## Task
In the material below, find the line containing "6-speed manual transmission." and the line containing "Держатель подходит для". Output those two lines and all lines between them exactly, without pictures.

## Dataset records
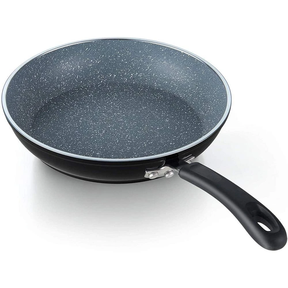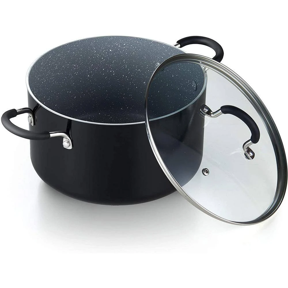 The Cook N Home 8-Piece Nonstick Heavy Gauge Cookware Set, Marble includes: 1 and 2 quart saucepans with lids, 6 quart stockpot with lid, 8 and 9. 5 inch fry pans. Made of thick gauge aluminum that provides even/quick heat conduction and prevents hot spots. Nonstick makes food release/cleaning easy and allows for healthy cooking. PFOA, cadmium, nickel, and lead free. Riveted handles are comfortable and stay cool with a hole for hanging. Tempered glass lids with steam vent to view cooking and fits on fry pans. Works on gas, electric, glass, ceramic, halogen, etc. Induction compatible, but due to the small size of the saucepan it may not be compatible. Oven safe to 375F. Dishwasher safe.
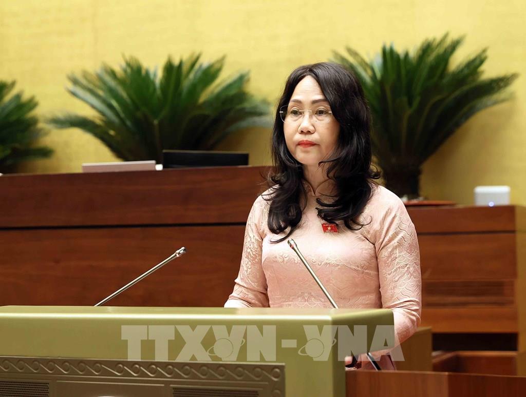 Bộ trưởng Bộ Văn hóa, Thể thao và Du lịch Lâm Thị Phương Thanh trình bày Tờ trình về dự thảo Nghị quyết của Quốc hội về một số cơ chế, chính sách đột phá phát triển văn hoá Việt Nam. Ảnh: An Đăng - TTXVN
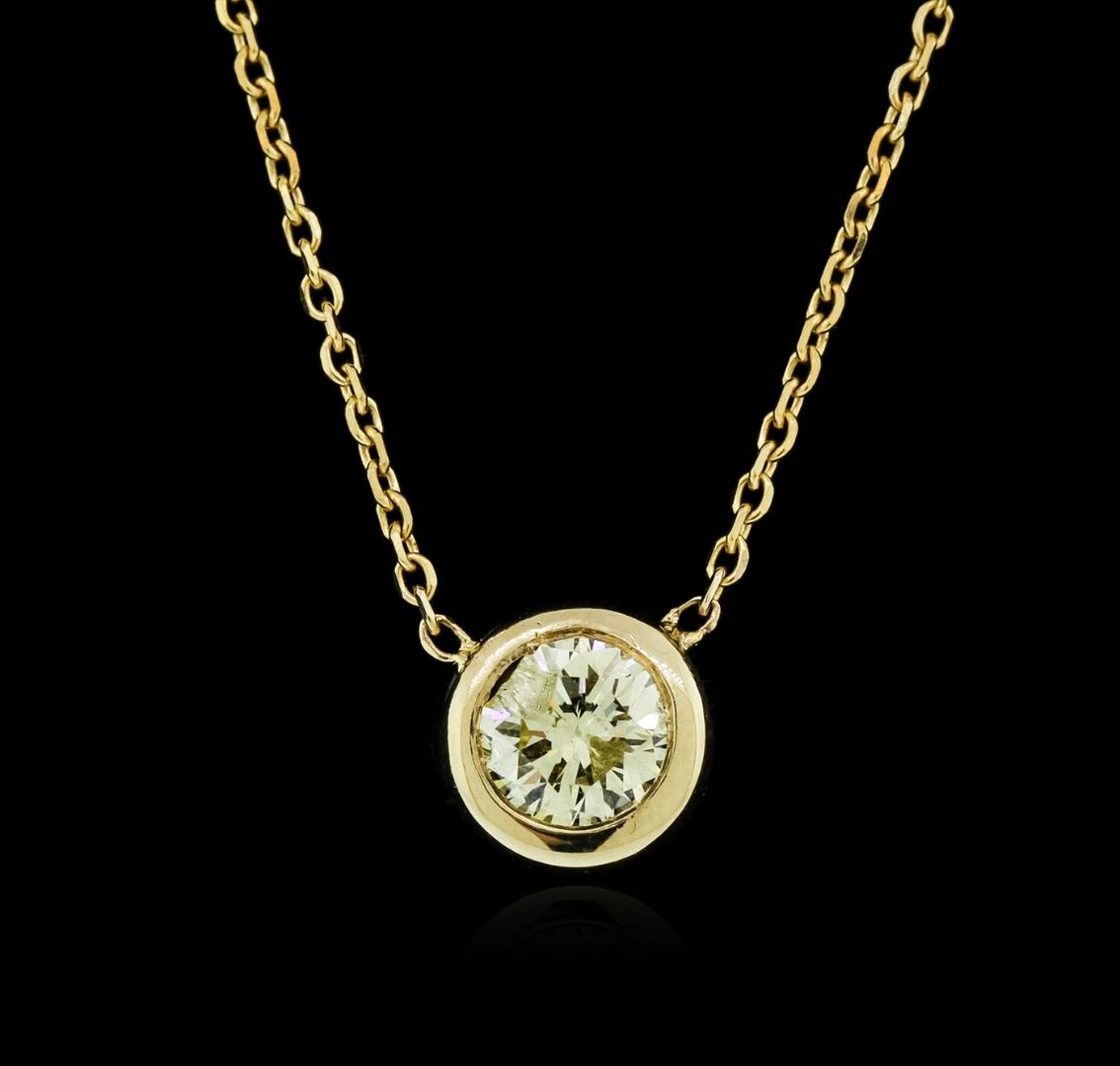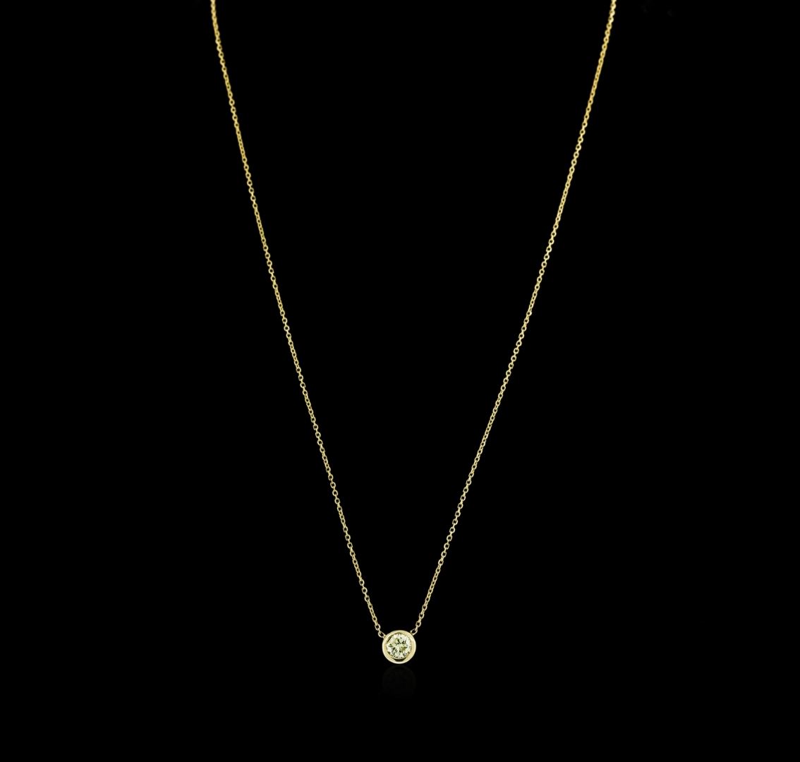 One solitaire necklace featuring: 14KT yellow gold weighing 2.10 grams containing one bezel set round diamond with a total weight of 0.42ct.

* * *

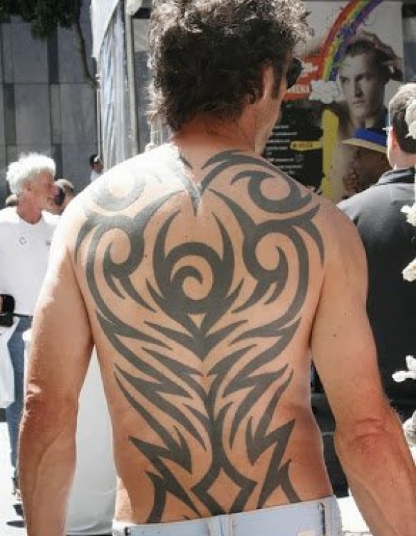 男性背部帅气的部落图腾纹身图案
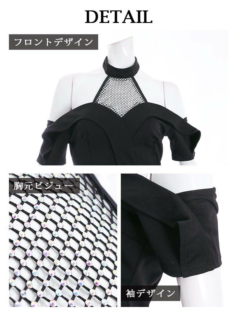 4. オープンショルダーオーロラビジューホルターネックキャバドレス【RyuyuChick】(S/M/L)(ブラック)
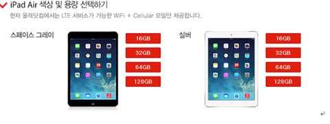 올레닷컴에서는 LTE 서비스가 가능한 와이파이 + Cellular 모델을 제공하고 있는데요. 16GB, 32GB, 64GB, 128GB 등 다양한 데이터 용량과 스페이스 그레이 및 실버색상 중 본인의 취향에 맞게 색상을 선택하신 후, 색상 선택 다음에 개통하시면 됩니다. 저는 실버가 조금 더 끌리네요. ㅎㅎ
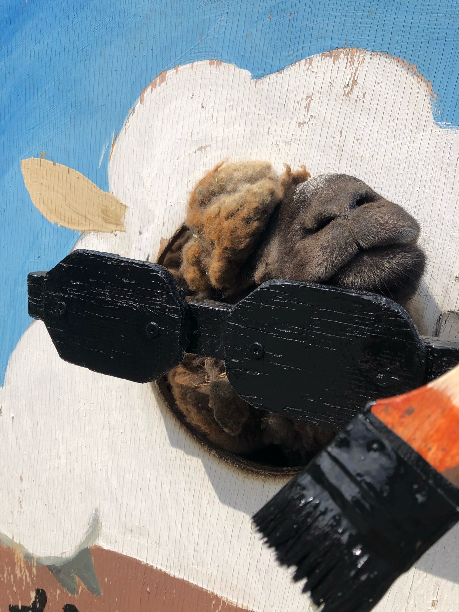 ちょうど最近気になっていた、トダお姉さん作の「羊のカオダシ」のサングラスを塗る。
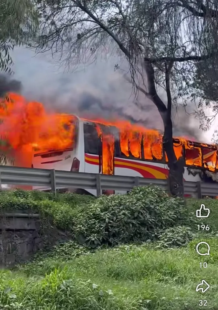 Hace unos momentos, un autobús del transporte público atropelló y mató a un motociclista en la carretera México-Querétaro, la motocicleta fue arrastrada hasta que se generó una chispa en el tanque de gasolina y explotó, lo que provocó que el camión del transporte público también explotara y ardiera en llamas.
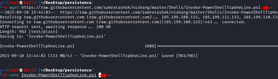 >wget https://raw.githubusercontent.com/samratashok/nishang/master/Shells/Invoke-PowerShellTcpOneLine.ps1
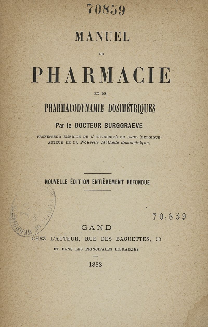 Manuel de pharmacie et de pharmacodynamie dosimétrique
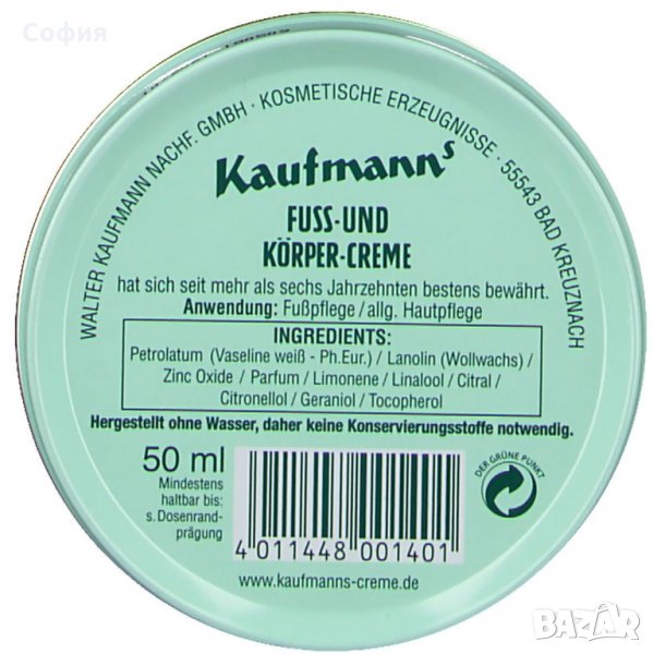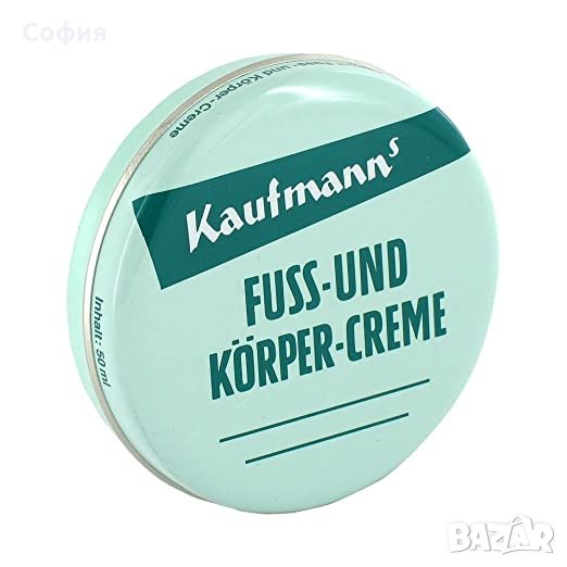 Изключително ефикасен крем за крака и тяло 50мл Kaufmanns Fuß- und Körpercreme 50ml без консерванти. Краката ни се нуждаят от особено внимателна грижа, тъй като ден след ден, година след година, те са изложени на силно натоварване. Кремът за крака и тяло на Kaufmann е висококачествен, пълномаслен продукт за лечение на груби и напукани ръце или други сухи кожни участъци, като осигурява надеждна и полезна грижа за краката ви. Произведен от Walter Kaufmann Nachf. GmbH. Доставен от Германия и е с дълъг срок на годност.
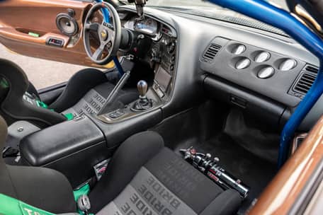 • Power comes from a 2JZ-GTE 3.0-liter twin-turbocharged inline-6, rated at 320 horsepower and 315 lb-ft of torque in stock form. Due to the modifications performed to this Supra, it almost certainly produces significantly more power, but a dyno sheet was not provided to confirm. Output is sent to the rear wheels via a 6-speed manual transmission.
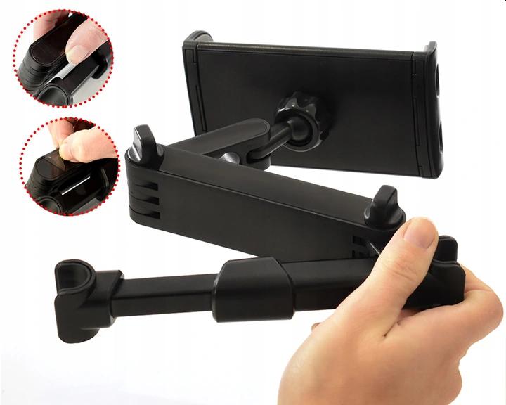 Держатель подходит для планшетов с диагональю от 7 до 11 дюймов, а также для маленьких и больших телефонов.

## Your response
 • Power comes from a 2JZ-GTE 3.0-liter twin-turbocharged inline-6, rated at 320 horsepower and 315 lb-ft of torque in stock form. Due to the modifications performed to this Supra, it almost certainly produces significantly more power, but a dyno sheet was not provided to confirm. Output is sent to the rear wheels via a 6-speed manual transmission.
 Держатель подходит для планшетов с диагональю от 7 до 11 дюймов, а также для маленьких и больших телефонов.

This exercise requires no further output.